100 Bestsellers in FluidDB: So What?

This evening I published another hundred books to FluidDB. This time it was a list of the 100 best-selling books of the last 12 years, as published by the ever-wonderful Guardian Data Store. I published them as a table, mostly using the conventions documented in this post. If you’re using a modern browser (almost anything other than Internet Explorer) you can see a visualization of the FluidDB object for the table at abouttag.com/butterfly/about/table:bestsellers-1998-2010 and the best-selling book (Dan Brown’s The Da Vinci Code, depressingly) at abouttag.com/butterfly/about/book:the da vinci code (dan brown).

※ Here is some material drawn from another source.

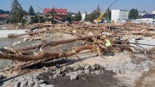 Budowa mostu tymczasowego w Głuchołazach

There’s a tag on each book that hyperlinks to the next, so you you could even click through all hundred if you really wanted.

So What?

Why should you or anyone else care that I’ve published this data to FluidDB? After all, the Guardian made the data available on Google docs, so anyone can do anything with it anyway. What’s the benefit of having it in FluidDB? I’m going to try to show a few things that might convince you there’s something interesting about putting this sort of data in FluidDB.

1. Query

The most obvious thing is that you can query data in FluidDB from anywhere with internet access without even having an account. For example, the query to find the best-selling book from the list in FluidDB is this:

miro/bestsellers-1998-2010/rank = 1

You can issue this query from anything that can talk to FluidDB and it should return the object corresponding to The Da Vinci Code, by Dan Brown. Here are a few ways of doing just that.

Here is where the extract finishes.